Dennoch sind Nüsse in den vergangenen Jahren immer wieder in die Negativschlagzeilen gekommen. Vor allem deshalb, weil sich darauf gerne Schimmelpilzgifte, sogenannte Aflatoxine, tummeln. Sie gelten als krebserregend und können Nieren und Leber schädigen. Zudem reagieren einige Menschen auf Nüsse allergisch und müssen Lebensmittel, die die entsprechenden Nüsse enthalten, meiden.

Und noch einen Grund gibt es, warum Nüsse insbesondere bei figurbewussten Menschen nicht eben hoch im Kurs stehen: Sie sind recht kalorienreich: 100 Gramm enthalten bis zu 700 Kilokalorien. Zum Vergleich: In 100 Gramm Pralinen stecken „nur“ etwa 400 kcal. Deshalb sollte man Nüsse auch nur in kleinen Portionen genießen.

Übrigens dürfen aus botanischer Sicht streng genommen nur Hasel- und Walnüsse als echte Nüsse bezeichnet werden. Mandeln zählen zu den Steinfrüchten, die Paranuss ist eine Kapselund die Erdnuss eine Hülsenfrucht. Cashews gibt es – im Gegensatz zu den anderen Nüssen – ausschließlich geschält zu kaufen.

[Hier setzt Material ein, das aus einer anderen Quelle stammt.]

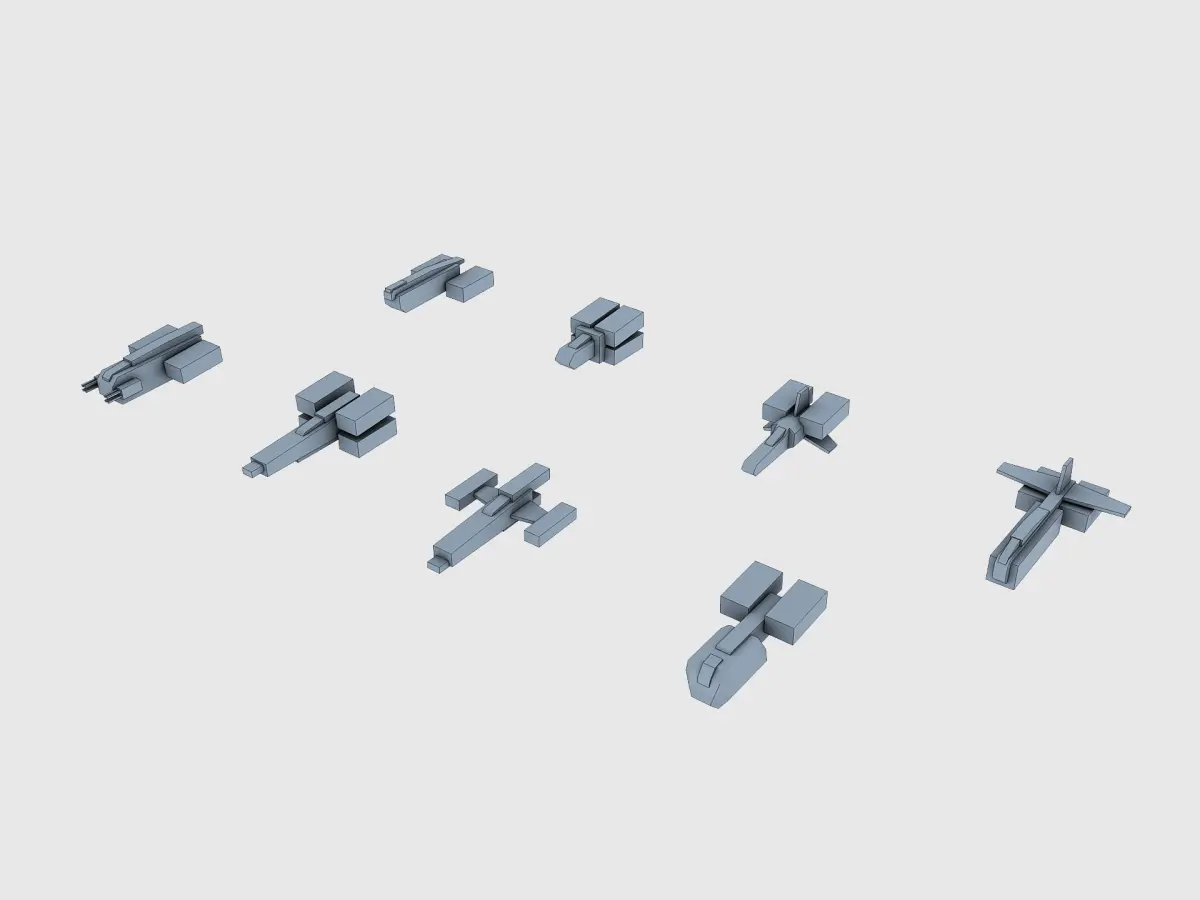 Extreme low-poly armada of spaceships Include: 8 - figters 4 - bombers 3 - gunShips 1 - tanker 1 - battleship 1 - landing ship 1 - drone carrier 1 - cargo ship

Grund dafür: Die Schale enthält ein giftiges Öl.


Nüsse gelten als so gesund, dass sie eine Portion Obst am Tag ersetzen können


Nüsse werden sowohl in konventioneller als auch in ökologischer Landwirtschaft angebaut. Bio-Nüsse stammen häufig aus kleinbäuerlichen oder genossenschaftlichen Projekten, zum Beispiel in der Türkei. Im Unterschied zu konventionell erzeugter Ware ist bei Bio-Nüssen neben dem Einsatz von Pestiziden auch die Begasung mit Phosphorwasserstoffen – etwa Phosphin – verboten. Bio-Verarbeiter schützen die Nüsse während der Lagerung häufig durch die sogenannte Druckentwesung. Sie wird mit Kohlendioxid durchgeführt und ist technisch sehr aufwendig. Zudem ist im Bio-Anbau das Bleichen der Schalen mit Schwefel nicht erlaubt. Dieses Verfahren wird eingesetzt, weil das in der äußeren Nussschale enthaltene Tannin die Schalen unansehnlich dunkel färbt. Deshalb haben zum Beispiel Bio-Walnüsse oft eine fleckige Schale, was aber die Qualität nicht beeinträchtigt.

Foto: Dionisvera/©Shutterstock

Die Organisation Fairtrade engagiert sich dafür, dass auch im Nussanbau bestimmte Mindeststandards eingehalten werden. Weitere Maßnahmen betreffen den Arbeitsschutz. So werden Schulungen durchgeführt, wie etwa mit den giftigen Ölen in den Schalen der Cashewkerne umzugehen ist.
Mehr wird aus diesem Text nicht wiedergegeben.